What should the next administration do to improve the issuance and oversight of regulations? We want to provide a few organizing principles upon which a new administration could begin to change the regulatory process.

REPEALING REGULATIONS IS OVERRATED

Many politicians like to frame regulatory reform as consisting of a systematic review of existing regulations to determine which cannot survive an honest cost-benefit review and then repeal those that won't. Although there are myriad regulations currently in place that would not pass such a test, rolling back regulations that companies have already largely complied with will accomplish little.
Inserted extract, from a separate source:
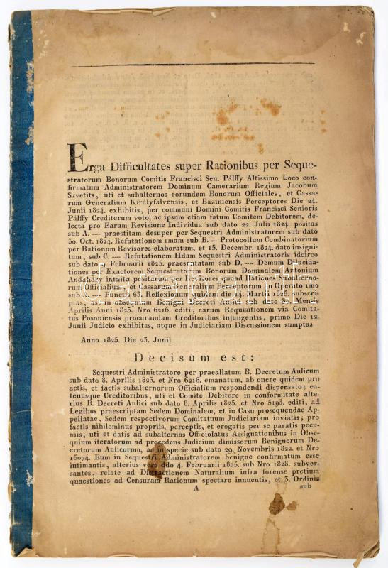 Leírás: 1825 Pálffy Ferenc peres ügyében született bírósági határozat, a teljes ügy leírásával. latin nyelven 46p.
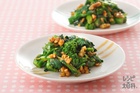 菜の花 80gくるみ 10gAうま味調味料「味の素®」 少々Aみりん 大さじ1/2Aみそ 小さじ1A「AJINOMOTO ごま油好きの純正ごま油」 小さじ1 カロリー:約87kcal 味の素 レシピ大百科

The problem is one of sunk costs: once companies have spent money to reduce emissions or improve workplace safety, undoing those requirements won't save them much money. In fact, a regulatory rollback likely would make those firms worse off by allowing new competitors to compete against them, operating with a lower cost structure because of the repealed regulations.
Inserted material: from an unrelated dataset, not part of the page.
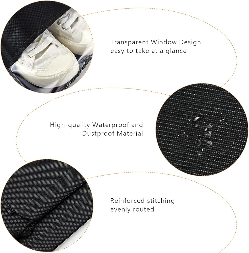 • 【Transparent Window Design】 The see-through transparent design helps you easily and quickly identify the contents in the shoe bags, time saving and convenience in travel and daily life, your perfect travel accessories.
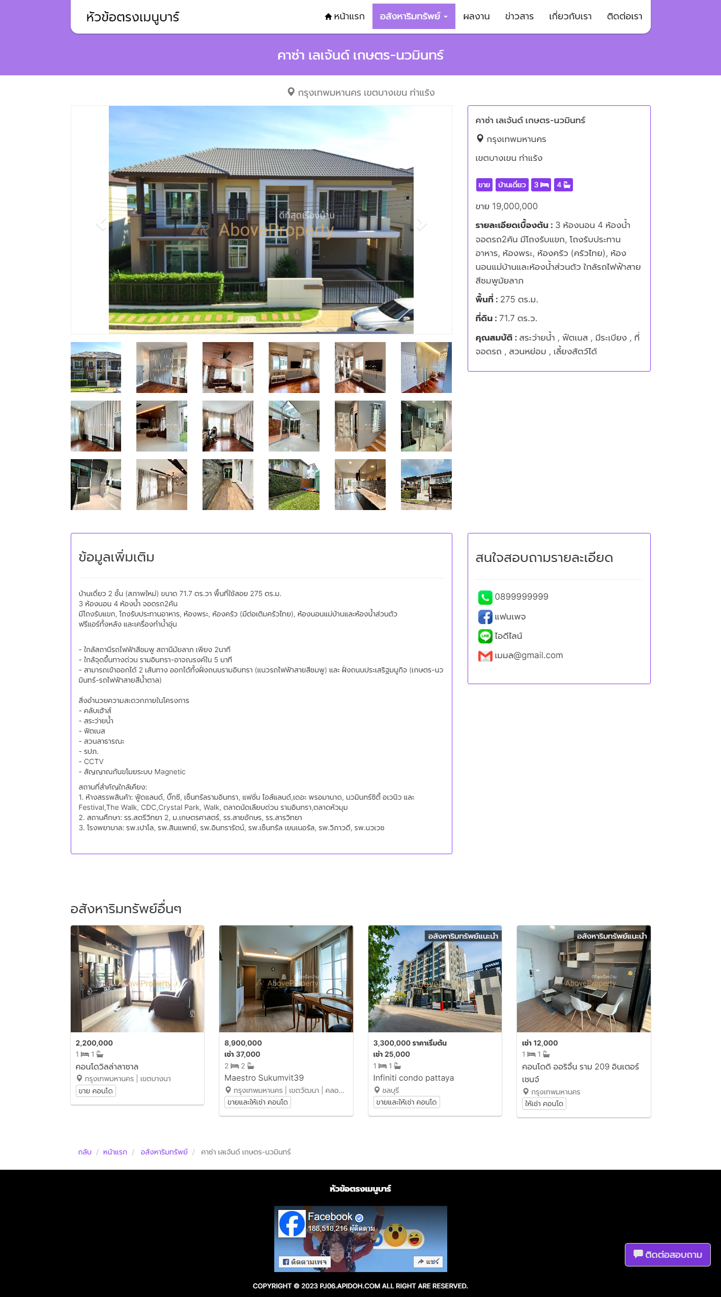 เมนูเว็บไซต์ หน้าแรก อสังหาริมทรัพย์ ผลงาน ข่าวสาร เกี่ยวกับเรา ติดต่อเรา

For example, during the presidential campaign, Donald Trump declared his intention to shelve the Obama administration's Mercury and Air Toxics rule, one of the costliest regulations issued by the president's Environmental Protection Agency. However, there are minimal savings to be had from its repeal at this stage: companies have already responded to it by dismantling a multitude of coal plants, and those will not return regardless of future regulations. What's more, as long as natural gas remains plentiful, it will continue to be more cost-effective to burn gas rather than coal to produce electricity; even shuttered coal plants that could be turned on tomorrow would likely remain shuttered if the next president were to repeal the rule.

[ILLUSTRATION OMITTED]

There are some exceptions to this. For instance, occupational licensing at the state level has expanded greatly over the last few decades, but many of those requirements do little to improve public safety but much to impede the entrance of potential competitors. The current Council of Economic Advisers has noted that these impediments are a significant cost to society in the form of higher prices for consumers and lower wages for workers not in the protected guilds. Repealing these rules would definitely benefit the economy, but would require preemptive federal deregulation or active state involvement. …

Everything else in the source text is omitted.